(Data shown)
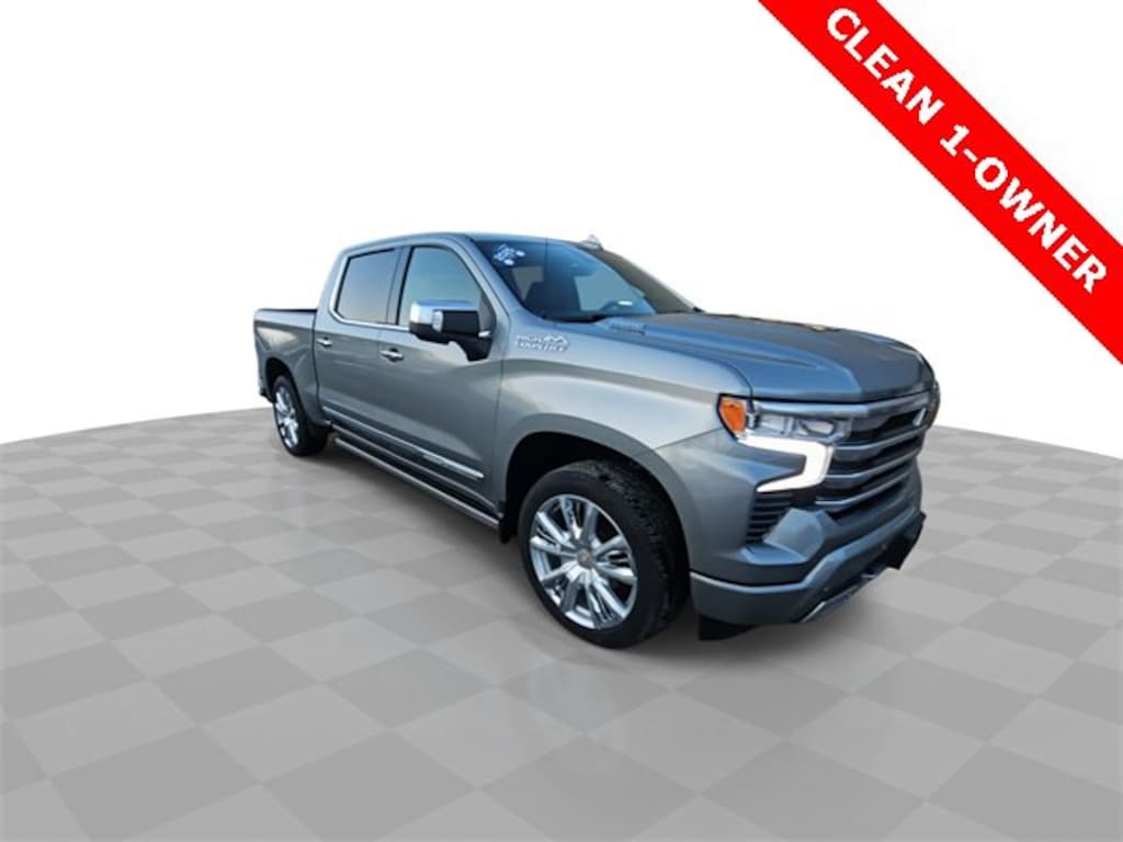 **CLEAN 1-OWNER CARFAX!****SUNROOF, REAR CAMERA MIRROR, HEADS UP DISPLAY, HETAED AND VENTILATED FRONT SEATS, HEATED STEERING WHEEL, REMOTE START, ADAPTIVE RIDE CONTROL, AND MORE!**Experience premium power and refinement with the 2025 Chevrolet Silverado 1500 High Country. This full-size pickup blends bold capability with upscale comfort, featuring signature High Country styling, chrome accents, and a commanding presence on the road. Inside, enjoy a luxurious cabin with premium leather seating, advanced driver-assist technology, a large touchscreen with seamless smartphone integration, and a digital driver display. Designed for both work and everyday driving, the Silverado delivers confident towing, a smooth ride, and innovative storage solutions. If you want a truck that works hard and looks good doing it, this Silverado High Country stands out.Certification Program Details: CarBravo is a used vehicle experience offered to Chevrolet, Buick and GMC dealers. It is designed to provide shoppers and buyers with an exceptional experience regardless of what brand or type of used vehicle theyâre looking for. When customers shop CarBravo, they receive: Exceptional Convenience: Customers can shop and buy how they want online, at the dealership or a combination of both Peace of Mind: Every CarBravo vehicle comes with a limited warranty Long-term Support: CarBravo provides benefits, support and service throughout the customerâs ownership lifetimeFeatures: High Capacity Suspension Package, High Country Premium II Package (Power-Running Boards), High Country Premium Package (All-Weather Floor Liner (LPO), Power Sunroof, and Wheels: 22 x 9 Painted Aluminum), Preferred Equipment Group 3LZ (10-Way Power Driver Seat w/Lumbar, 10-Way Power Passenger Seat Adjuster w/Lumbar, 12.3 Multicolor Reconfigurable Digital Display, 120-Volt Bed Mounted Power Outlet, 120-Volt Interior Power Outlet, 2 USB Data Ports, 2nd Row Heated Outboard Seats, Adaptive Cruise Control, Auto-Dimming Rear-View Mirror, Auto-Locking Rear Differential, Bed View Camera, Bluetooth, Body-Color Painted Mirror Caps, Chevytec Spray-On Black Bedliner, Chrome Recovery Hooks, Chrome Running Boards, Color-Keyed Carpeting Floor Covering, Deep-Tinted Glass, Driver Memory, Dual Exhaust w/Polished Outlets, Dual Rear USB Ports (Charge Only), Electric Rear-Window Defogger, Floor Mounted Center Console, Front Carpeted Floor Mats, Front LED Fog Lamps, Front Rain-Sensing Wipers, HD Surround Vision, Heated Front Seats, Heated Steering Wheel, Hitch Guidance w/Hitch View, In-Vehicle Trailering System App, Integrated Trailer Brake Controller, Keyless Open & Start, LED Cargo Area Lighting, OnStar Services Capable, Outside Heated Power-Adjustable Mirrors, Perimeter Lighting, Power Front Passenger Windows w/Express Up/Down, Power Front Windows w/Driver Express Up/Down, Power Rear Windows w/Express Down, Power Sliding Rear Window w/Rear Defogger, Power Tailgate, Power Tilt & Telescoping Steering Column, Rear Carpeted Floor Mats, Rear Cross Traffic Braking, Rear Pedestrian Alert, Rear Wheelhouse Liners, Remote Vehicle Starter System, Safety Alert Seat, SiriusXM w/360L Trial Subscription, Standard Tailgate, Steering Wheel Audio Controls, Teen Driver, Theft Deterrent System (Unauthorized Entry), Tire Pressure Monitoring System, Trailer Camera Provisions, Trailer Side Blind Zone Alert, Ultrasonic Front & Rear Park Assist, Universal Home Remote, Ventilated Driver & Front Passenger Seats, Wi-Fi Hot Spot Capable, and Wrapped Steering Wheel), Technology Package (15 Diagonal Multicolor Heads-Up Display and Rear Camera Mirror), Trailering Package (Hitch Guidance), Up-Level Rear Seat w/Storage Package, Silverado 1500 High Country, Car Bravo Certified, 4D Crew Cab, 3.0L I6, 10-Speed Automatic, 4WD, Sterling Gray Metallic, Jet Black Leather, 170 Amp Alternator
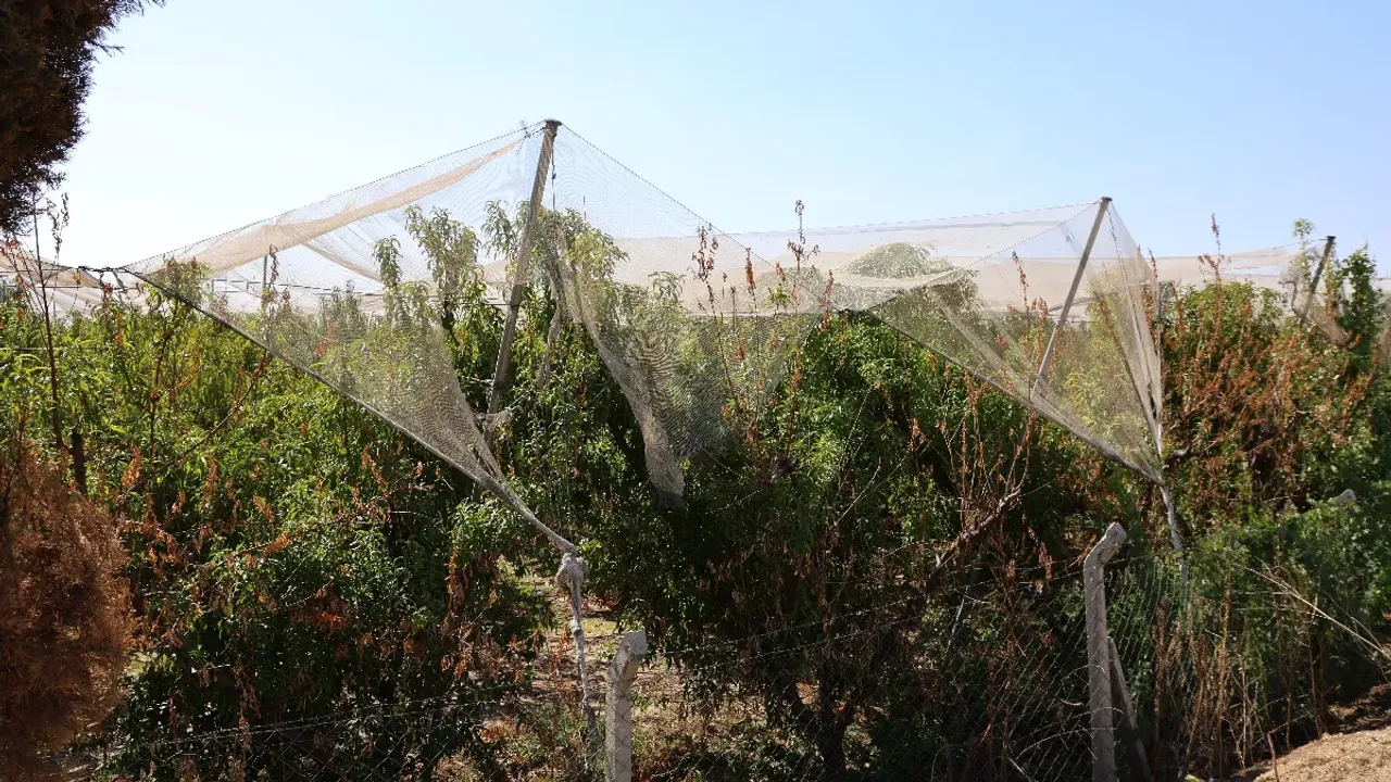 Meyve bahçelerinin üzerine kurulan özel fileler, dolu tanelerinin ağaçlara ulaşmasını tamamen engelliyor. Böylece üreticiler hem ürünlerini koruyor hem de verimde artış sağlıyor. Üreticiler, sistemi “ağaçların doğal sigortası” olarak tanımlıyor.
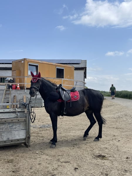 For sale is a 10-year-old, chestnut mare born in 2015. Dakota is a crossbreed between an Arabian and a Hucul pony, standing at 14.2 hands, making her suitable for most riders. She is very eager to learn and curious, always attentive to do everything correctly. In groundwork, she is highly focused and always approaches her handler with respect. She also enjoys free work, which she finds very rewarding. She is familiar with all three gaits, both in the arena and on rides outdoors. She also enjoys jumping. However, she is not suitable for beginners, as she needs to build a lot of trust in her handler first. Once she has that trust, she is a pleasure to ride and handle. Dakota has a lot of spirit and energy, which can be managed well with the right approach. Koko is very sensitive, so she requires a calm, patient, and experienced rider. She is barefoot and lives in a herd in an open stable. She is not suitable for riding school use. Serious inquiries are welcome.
(End Data shown)
Copy all the material above exactly, but skip each image.

Exercise result
 **CLEAN 1-OWNER CARFAX!****SUNROOF, REAR CAMERA MIRROR, HEADS UP DISPLAY, HETAED AND VENTILATED FRONT SEATS, HEATED STEERING WHEEL, REMOTE START, ADAPTIVE RIDE CONTROL, AND MORE!**Experience premium power and refinement with the 2025 Chevrolet Silverado 1500 High Country. This full-size pickup blends bold capability with upscale comfort, featuring signature High Country styling, chrome accents, and a commanding presence on the road. Inside, enjoy a luxurious cabin with premium leather seating, advanced driver-assist technology, a large touchscreen with seamless smartphone integration, and a digital driver display. Designed for both work and everyday driving, the Silverado delivers confident towing, a smooth ride, and innovative storage solutions. If you want a truck that works hard and looks good doing it, this Silverado High Country stands out.Certification Program Details: CarBravo is a used vehicle experience offered to Chevrolet, Buick and GMC dealers. It is designed to provide shoppers and buyers with an exceptional experience regardless of what brand or type of used vehicle theyâre looking for. When customers shop CarBravo, they receive: Exceptional Convenience: Customers can shop and buy how they want online, at the dealership or a combination of both Peace of Mind: Every CarBravo vehicle comes with a limited warranty Long-term Support: CarBravo provides benefits, support and service throughout the customerâs ownership lifetimeFeatures: High Capacity Suspension Package, High Country Premium II Package (Power-Running Boards), High Country Premium Package (All-Weather Floor Liner (LPO), Power Sunroof, and Wheels: 22 x 9 Painted Aluminum), Preferred Equipment Group 3LZ (10-Way Power Driver Seat w/Lumbar, 10-Way Power Passenger Seat Adjuster w/Lumbar, 12.3 Multicolor Reconfigurable Digital Display, 120-Volt Bed Mounted Power Outlet, 120-Volt Interior Power Outlet, 2 USB Data Ports, 2nd Row Heated Outboard Seats, Adaptive Cruise Control, Auto-Dimming Rear-View Mirror, Auto-Locking Rear Differential, Bed View Camera, Bluetooth, Body-Color Painted Mirror Caps, Chevytec Spray-On Black Bedliner, Chrome Recovery Hooks, Chrome Running Boards, Color-Keyed Carpeting Floor Covering, Deep-Tinted Glass, Driver Memory, Dual Exhaust w/Polished Outlets, Dual Rear USB Ports (Charge Only), Electric Rear-Window Defogger, Floor Mounted Center Console, Front Carpeted Floor Mats, Front LED Fog Lamps, Front Rain-Sensing Wipers, HD Surround Vision, Heated Front Seats, Heated Steering Wheel, Hitch Guidance w/Hitch View, In-Vehicle Trailering System App, Integrated Trailer Brake Controller, Keyless Open & Start, LED Cargo Area Lighting, OnStar Services Capable, Outside Heated Power-Adjustable Mirrors, Perimeter Lighting, Power Front Passenger Windows w/Express Up/Down, Power Front Windows w/Driver Express Up/Down, Power Rear Windows w/Express Down, Power Sliding Rear Window w/Rear Defogger, Power Tailgate, Power Tilt & Telescoping Steering Column, Rear Carpeted Floor Mats, Rear Cross Traffic Braking, Rear Pedestrian Alert, Rear Wheelhouse Liners, Remote Vehicle Starter System, Safety Alert Seat, SiriusXM w/360L Trial Subscription, Standard Tailgate, Steering Wheel Audio Controls, Teen Driver, Theft Deterrent System (Unauthorized Entry), Tire Pressure Monitoring System, Trailer Camera Provisions, Trailer Side Blind Zone Alert, Ultrasonic Front & Rear Park Assist, Universal Home Remote, Ventilated Driver & Front Passenger Seats, Wi-Fi Hot Spot Capable, and Wrapped Steering Wheel), Technology Package (15 Diagonal Multicolor Heads-Up Display and Rear Camera Mirror), Trailering Package (Hitch Guidance), Up-Level Rear Seat w/Storage Package, Silverado 1500 High Country, Car Bravo Certified, 4D Crew Cab, 3.0L I6, 10-Speed Automatic, 4WD, Sterling Gray Metallic, Jet Black Leather, 170 Amp Alternator
 Meyve bahçelerinin üzerine kurulan özel fileler, dolu tanelerinin ağaçlara ulaşmasını tamamen engelliyor. Böylece üreticiler hem ürünlerini koruyor hem de verimde artış sağlıyor. Üreticiler, sistemi “ağaçların doğal sigortası” olarak tanımlıyor.
 For sale is a 10-year-old, chestnut mare born in 2015. Dakota is a crossbreed between an Arabian and a Hucul pony, standing at 14.2 hands, making her suitable for most riders. She is very eager to learn and curious, always attentive to do everything correctly. In groundwork, she is highly focused and always approaches her handler with respect. She also enjoys free work, which she finds very rewarding. She is familiar with all three gaits, both in the arena and on rides outdoors. She also enjoys jumping. However, she is not suitable for beginners, as she needs to build a lot of trust in her handler first. Once she has that trust, she is a pleasure to ride and handle. Dakota has a lot of spirit and energy, which can be managed well with the right approach. Koko is very sensitive, so she requires a calm, patient, and experienced rider. She is barefoot and lives in a herd in an open stable. She is not suitable for riding school use. Serious inquiries are welcome.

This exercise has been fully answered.